### Exercise directions
Using the entries that follow, transcribe only the lines from the line with "FI / ENG Oletko" to the line with "En la imagen", both included, exactly as they stand and without pictures.

### Recorded information
=====

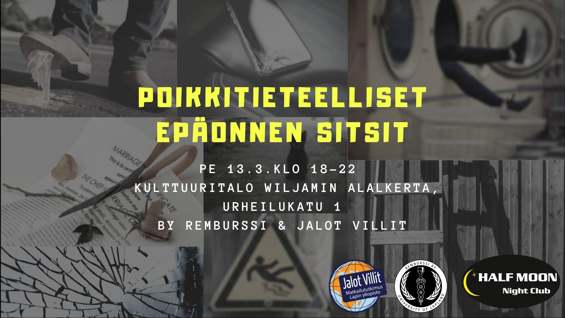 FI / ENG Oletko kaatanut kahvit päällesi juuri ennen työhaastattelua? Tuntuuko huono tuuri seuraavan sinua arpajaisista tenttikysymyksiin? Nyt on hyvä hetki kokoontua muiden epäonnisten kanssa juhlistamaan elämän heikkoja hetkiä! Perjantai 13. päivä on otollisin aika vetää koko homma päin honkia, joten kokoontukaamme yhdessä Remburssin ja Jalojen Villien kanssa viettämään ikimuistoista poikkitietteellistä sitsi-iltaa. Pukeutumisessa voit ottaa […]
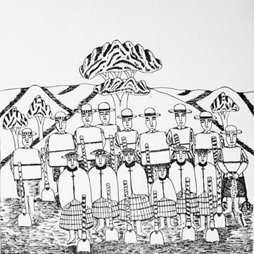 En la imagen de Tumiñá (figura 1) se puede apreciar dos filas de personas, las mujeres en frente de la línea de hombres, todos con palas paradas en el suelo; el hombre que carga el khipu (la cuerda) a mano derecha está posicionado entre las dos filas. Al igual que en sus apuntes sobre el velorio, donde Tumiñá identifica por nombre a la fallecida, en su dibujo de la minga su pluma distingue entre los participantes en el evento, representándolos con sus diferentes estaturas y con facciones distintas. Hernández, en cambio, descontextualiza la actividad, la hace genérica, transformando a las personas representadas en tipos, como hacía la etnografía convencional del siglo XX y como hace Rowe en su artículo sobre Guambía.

=====

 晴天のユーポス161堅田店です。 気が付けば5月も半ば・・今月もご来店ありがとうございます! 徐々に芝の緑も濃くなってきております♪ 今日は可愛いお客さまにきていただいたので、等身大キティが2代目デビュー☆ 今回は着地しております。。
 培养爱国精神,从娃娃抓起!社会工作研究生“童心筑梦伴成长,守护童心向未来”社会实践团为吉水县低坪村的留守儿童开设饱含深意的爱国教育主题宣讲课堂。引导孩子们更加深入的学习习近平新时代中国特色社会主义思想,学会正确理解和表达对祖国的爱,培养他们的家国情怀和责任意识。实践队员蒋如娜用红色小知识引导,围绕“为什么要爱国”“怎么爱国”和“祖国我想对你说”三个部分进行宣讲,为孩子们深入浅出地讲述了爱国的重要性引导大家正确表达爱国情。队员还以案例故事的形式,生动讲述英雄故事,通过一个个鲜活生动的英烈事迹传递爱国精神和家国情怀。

=====

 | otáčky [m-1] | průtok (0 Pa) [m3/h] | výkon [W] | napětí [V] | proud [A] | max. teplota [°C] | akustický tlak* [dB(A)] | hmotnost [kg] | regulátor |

=====

### Finished exercise
 FI / ENG Oletko kaatanut kahvit päällesi juuri ennen työhaastattelua? Tuntuuko huono tuuri seuraavan sinua arpajaisista tenttikysymyksiin? Nyt on hyvä hetki kokoontua muiden epäonnisten kanssa juhlistamaan elämän heikkoja hetkiä! Perjantai 13. päivä on otollisin aika vetää koko homma päin honkia, joten kokoontukaamme yhdessä Remburssin ja Jalojen Villien kanssa viettämään ikimuistoista poikkitietteellistä sitsi-iltaa. Pukeutumisessa voit ottaa […]
 En la imagen de Tumiñá (figura 1) se puede apreciar dos filas de personas, las mujeres en frente de la línea de hombres, todos con palas paradas en el suelo; el hombre que carga el khipu (la cuerda) a mano derecha está posicionado entre las dos filas. Al igual que en sus apuntes sobre el velorio, donde Tumiñá identifica por nombre a la fallecida, en su dibujo de la minga su pluma distingue entre los participantes en el evento, representándolos con sus diferentes estaturas y con facciones distintas. Hernández, en cambio, descontextualiza la actividad, la hace genérica, transformando a las personas representadas en tipos, como hacía la etnografía convencional del siglo XX y como hace Rowe en su artículo sobre Guambía.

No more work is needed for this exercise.